Бесшумно открылась дверца справа от… „иконостаса“… кажется, так называется эта стенка. В темном проеме показалась низенькая фигура…
Сергей не представлял, как должен выглядеть деревенский поп, однако здешний его удивил.
Отцу Афанасию было на вид лет сто, ну, восемьдесят точно. Низенький, коренастый, он удивительно походил на мастера Йоду из „Звездных войн“. Лысина, светившаяся сквозь редкий пушок седых волос, покрыта коричневыми старческими веснушками. Морщинистые руки, тоже пятнистые, сжимали рукоять палки. Лицо, покрытое морщинами, казалось, тихонько улыбалось. Реденькая седая бородка мелко дрожала от старости. На кнопке носа висели большие круглые очки.
— Э… — не сразу нашелся, как представиться этому чуду Сергей, — добрый день… святой отец.
Священник оперся на трость, став еще больше похожим на Йоду. Казалось, сейчас произнесет: „В дом скромный мой привело тебя что, юный падаван?“.
— Бенедикат вос, ми фили, — важно кивнул священник.
… Чего?…
— Э… Э… — ошарашенный непонятным приветствием Сергей растерял весь словарный запас.
— С чем пришел, сын мой? — было ощущение, что священник трясется не от старости, а от сдерживаемого смеха.

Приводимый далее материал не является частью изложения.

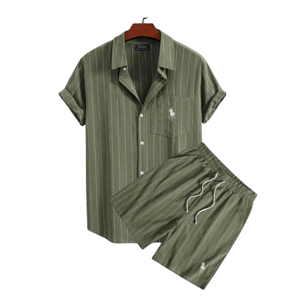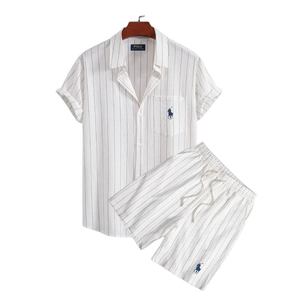 Each set includes a short-sleeved striped shirt and matching lightweight shorts, both featuring the iconic R&L horseman embroidery.

А с чем я пришел? Ведьму… в смысле, колдунью, ищу. Ну еще свечи отдать.
Сергей отдал свечи и попытался окольными путями выспросить, где живет бабка Алена. Батюшка хитро жмурился и усмехался чему-то своему. Наконец Сергей мысленно махнул рукой и попросил показать ему, где находится здешняя власть. Батюшка вызвался провести.

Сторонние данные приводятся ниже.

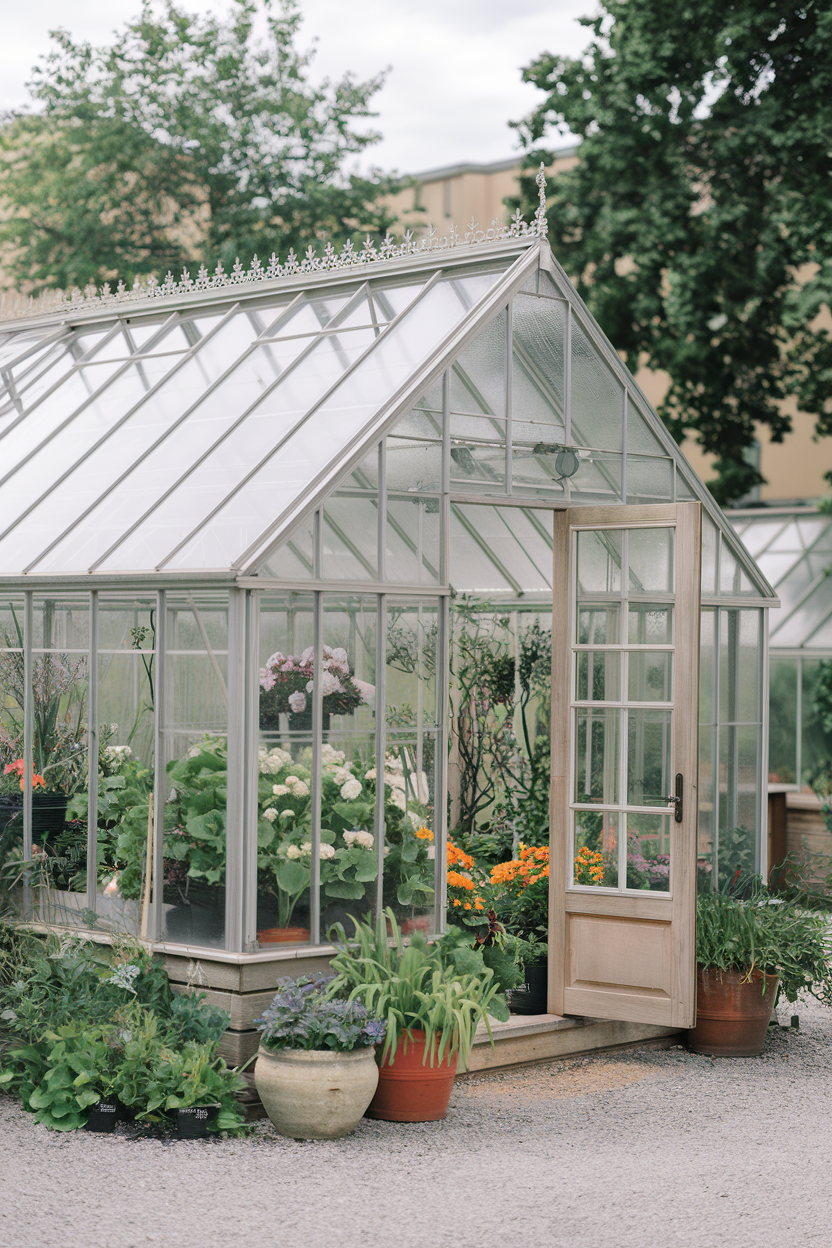 Add a touch of old-world charm to your garden with a Victorian-style greenhouse. These ornate structures often feature intricate ironwork, decorative glass panels, and high ceilings that create a stunning focal point in any yard. The generous height allows for better air circulation, while the stylish design elevates the aesthetic appeal of your garden. A Victorian-inspired greenhouse is perfect for growing delicate flowers, rare plants, and even small citrus trees in a controlled environment.

Они подошли к выходу. Из открытой двери в тишину и прохладу церкви ворвались теплый воздух летнего дня, яркий солнечный свет, запахи травы и цветущих деревьев, а также противный голос, мерзко заоравший: „Ня надо нам монахов, ня надо нам попов!!!“.
Громкий хор вразнобой подхватил: „Мы на небо залезем, разгоним всех богов!!!“
Те самые парни, что так неприязненно смотрели на Сергея, теперь орали болотными лягушками дурацкие лозунги. Чего это они?
Отец Афанасий зажмурился навстречу солнцу и, улыбаясь, начал спуск со ступеней. Сергей шел рядом, не зная, то ли поддержать священника за руку (все-таки старенький) то ли не надо (все-таки спускается он довольно лихо. Для столетнего).
Спустившись, священник двинулся на замолкшую толпу. Парни медленно, нехотя, но расступались. Тут один из них, тот самый рыжий главарь, выскочил наперерез батюшке и заорал чуть не в лицо: „Бога нет!!!“. Отец Афанасий остановился и оглядел его с веселым интересом натуралиста, нашедшего в болотной жиже неизвестную, возможно ядовитую, но занимательную тварь.